Played with this a little more and I think the assessment at the end is both the weak link in the UX and a very illustrative debugging tool, not only of LLM limitations, but oddly, the format of internet debate
I've thrown about a hundred prompts at this, half of them phrased as neutral questions, the other half as statements comprising the position of one side of the debate. I notice that when doing the latter, LLM A always takes the position I state, and LLM B is always said to "win" the debate, and the form of this is usually the same: B claims that there's insufficient substantiating evidence for A's claim. Neither says much substantial about the topic of the prompt after the first exchange. Usually A's first paragraph will expand a little bit on the topic and B will mostly try to discredit the arguments made, then they'll repeat this three or four times while insulting each other's intelligence without bringing up anything new, expanding further on the topic, or notably, trying to use any examples aside from the ones initially discussed in the first reply. What's interesting about the "neutral question" style is that the debate tends to go about the same, but the assessment at the end only considers B to have won about 90% of the time
As someone who studies AI and has gotten into a lot of internet arguments, this is a fascinating example of how LLMs are great at capturing the average case with essentially zero chance of capturing the best-case of the format, in terms of being informative on the topic at hand to a third-party observer
I wouldn't listen to a knowledge based podcast without an LLM at the ready and that makes it a rather different experience to the other kinds of podcasts available. I suspect the hosts will start to get wind of this and just glance a lot of surfaces and let the audience branch out as they want.
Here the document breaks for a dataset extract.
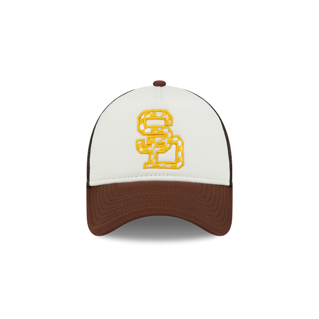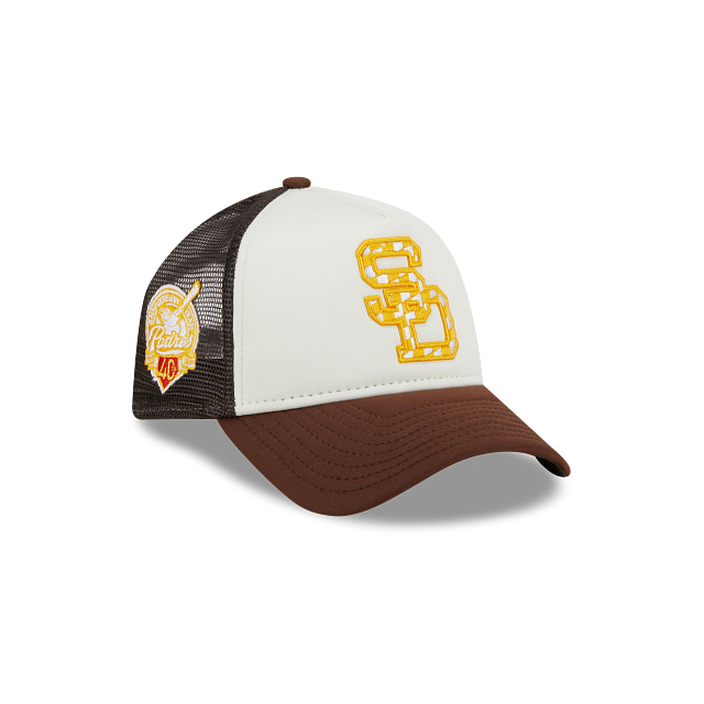 Esta gorra New Era 9FORTY AF Trucker de San Diego Padres de la colección MLB Check Flag presenta el frente blanco con el logotipo de los Padres en los paneles frontales, un parche conmemorativo del lado derecho, malla y visera del color del equipo, y el flag de New Era bordado en el lado izquierdo. Luce con estilo. Cómprala ya.

Entertainment could just become a prompt example dive off point for the user to remix to their liking.
To be frank this is the opposite of how you should use an LLM. It's not going to be useful for diving deep on stuff that needs factual accuracy. It will on the other hand be useful for giving you shallow overviews you can drill deeper into, maybe even by helping come up with good search terms, or sometimes interrogating your thought process
Plato or Hegel this is not. But it is kinda amusing.
Seeing the fight club topics others asked would be an additionally fun and engaging feature. I asked some funny or interesting ones but would like to see others’…
Really digging that UI, what did you use for designing the frontend?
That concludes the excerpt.